We have rheumatology outpatient clinics on Monday, Wednesday and Friday, with an average of about 400 patients per day seen by 8–10 providers. On Tuesdays, we have lupus clinic, with about 100 to 150 patients per clinic. Our Indian lupus patients often have very aggressive disease with significant renal involvement. Two days a week, patients are seen by appointment. On the other three days, the clinic is open for all referred or follow-up rheumatology patients.
We also have a 30-bed inpatient rheumatology service, which is almost always fully occupied. Inpatient treatment is free for all. A fair proportion of patients are not well educated, making history taking and counseling far more difficult. Access to general medications is easy; in fact, we see many patients who land in our outpatient clinic after several years of over-the-counter self-medication with steroids, once prescribed by a local doctor.
The electronic medical record system in the U.S. is very advanced, and in our centers, especially with the high volume, it is difficult to maintain electronic records; rather, we rely on handwritten notes. Although this helps with patient flow, follow-ups and data retrieval can be difficult.
The high-volume exposure to patients and practical contact with diverse clinical scenarios helps us enrich our clinical skills. Additionally, during our training and in practice, we have hands-on experience in immunology labs and with musculoskeletal ultrasonography.
Unfortunately, research opportunities are less structured than what I observed in the U.S., with less training in methodologies and clinical study design.
Rheumatology is one of the most lucrative subspecialties at present in India. It is very competitive, with only 12–15 seats per year in the entire country. The fellowship, which we call DM [Doctor of Medicine program] in India, is three years and requires submission of an original work by the end of the tenure. We enter into practice after completing the board examination, which comprises both theory and practical portions.

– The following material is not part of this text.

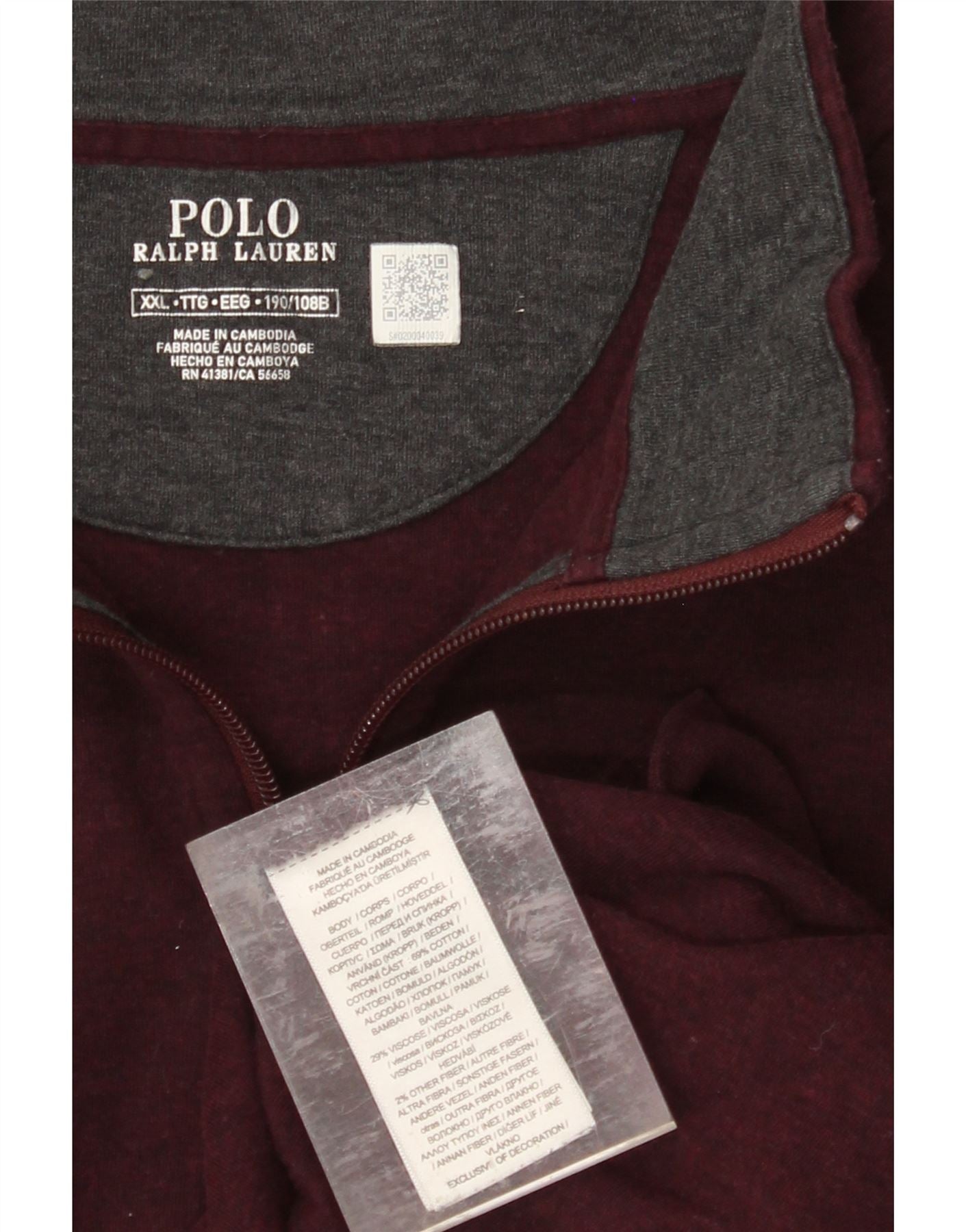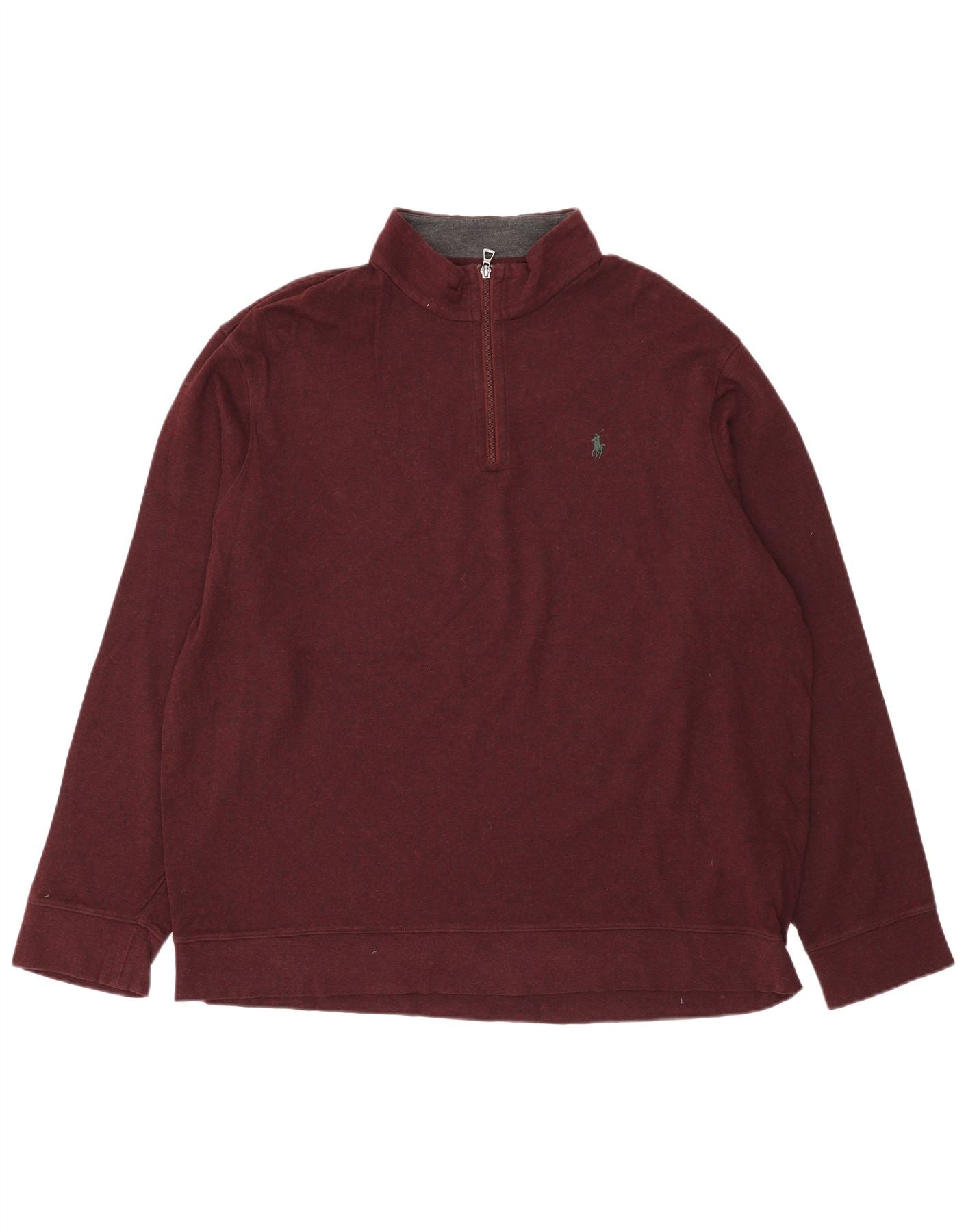 RALPH LAUREN Mens Zip Neck Sweatshirt Jumper 2XL Burgundy Cotton

2018 ACR/ARHP Annual Meeting
I culminated my time in Chicago at the 2018 ACR/ARHP Annual Meeting. This was my first time participating in this conference, and the level of intellectual exchange and collaboration was inspiring. I particularly enjoyed the concept of the fellows-in-training pre-conference session on the Friday before the full meeting began. It celebrated fellows working in the field of rheumatology from all around the world, and provided insights and interaction with peers, as well as leaders in the rheumatology world. It was a proud moment for me to be part of the program. It was also a great feeling to be honored by Sharad Lakhanpal, MBBS, MD, the 2017 ACR president, and David Daikh, MD, PhD, the 2018 ACR president, at the IRA Reception during the ACR/ARHP Annual Meeting.
Given my interest in pediatric rheumatology, I had submitted a poster on the assessment of treatment responses, with special reference to remission using juvenile arthritis disease activity scores (JADAS) in the different categories of juvenile idiopathic arthritis and was able to present my research to the ACR community at the international meeting. This gave me the opportunity to exchange ideas that will allow me to expand my project.
Getting to hear from the experts and learning about their perspectives on the way forward in immunology and rheumatology was enriching. The sheer volume of sessions and opportunities for learning was expansive, and I only wish I could have simultaneously attended many of the informative and innovative sessions.
On a personal note, the faculty members and the fellows in the University of Chicago Department of Rheumatology were extremely friendly and supportive. They never let me feel the absence of my family over the month’s duration. Whenever I needed anything, the entire department was there, planning it out for me. As I come back to India, I bring with me a fulfilling experience that will help me be a better physician. But more so, I bring with me memories that will last a lifetime.
Debanjali Sinha, MD, is a rheumatologist in practice in Kolkata, India.
The author extends her thanks to Anisha B. Dua, MD, MPH, for her assistance, making her feel at home and more.